Traditionally, whenever I've needed a real mysqli_fetch
for things like importing thousands of rows of data, I've used my own database connection and framework. But I was thinking there must be a way to use the existing database connection to do this, so I looked through the wp-includes/wp-db.php
file and determined that I can simply use the database handler that already exists and being used by the global $wpdb
database class instance.
In doing so, a query can be processed line by line, rather than attempting to load several thousand rows in to a the result from a $wpdb->get_results
call.
Here is my current solution:
$q = mysqli_query($wpdb->dbh,"SELECT * FROM some_table;");
while ($r = mysqli_fetch_assoc($q)) {
var_dump($r);
}
By simply using the protected
class property $wpdb->dbh
, it's allowing custom queries to be called without having to resort to adding a custom database framework to do heavy database processing work.

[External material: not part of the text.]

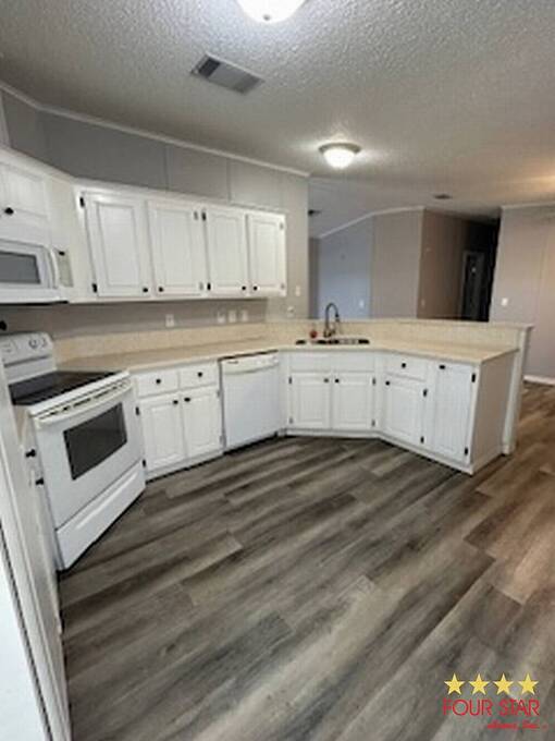 This shiny clean and extremely well-maintained home sits on a high and dry lot with a lake view from the 10x12 front screened porch. Awesome updates include 2022 shingled roof, 2018 HVAC, 2024 whole house replumbing, 2018 Tankless HWH as well as spacious eat-in kitchen with extra storage space and snack bar. You will find newer laminate wood flooring and recent interior paint throughout the home. The open floor plan highlights a great flow between kitchen, dining area and living room where you will see a mounted Samsung Smart TV which conveys with home. Step through the sliding glass doors to relax and enjoy the lake views from a beautiful screen porch. Back inside, you will find the guest room with closet, the 2nd bathroom with shower, indoor laundry, and the large main bedroom with room for a king size bed and extra large closet. The ensuite bath has double sinks and state of the art shower. There is a double driveway, large shed and patio outside too. Do not miss the opportunity to own this fabulous home with lot rent under 800 dollars, resort-like clubhouse and pool, and numerous activities. Call now for an amazing tour.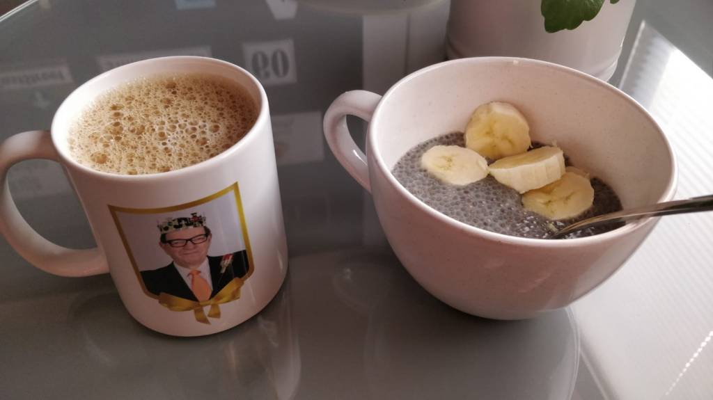 Toinen kokeilu chia-tuorepuuron kanssa. Tällä kertaa en sotkenut sekaan mitään ylimääräistä ja koristelin sammakonkudun banaaneilla. 14 tunnin tekeytymisen jäljiltä koostumus oli tällä kertaa yhtenäisempi, semmoinen geelimäinen. Maku hieman erikoinen, syötävää muttei mitään herkkua. Kokeilut tämän puuron kanssa taitavat jäädä tähän, käsittämätöntä että puuron valmistukseen pitää varata vuorokausi aikaa, kun on olemassa puuroja jotka saa vedenkeittimen avulla valmistettua minuuteissa. Ja maistuvatkin paremmalta.

While this is working, I'm concerned that this may not be the best solution for being compatible with future versions of Wordpress as this is a bit of a hack solution, as this is not the normal expected use of $wpdb
. As such, I'm interested to know if anyone else found a better solution that is more based on the expected use of $wpdb
.
Note, I've looked at using $wpdb->get_row
along with the row number, but that appears to actually execute the query with each request anew, rather than using a single query and iterating through.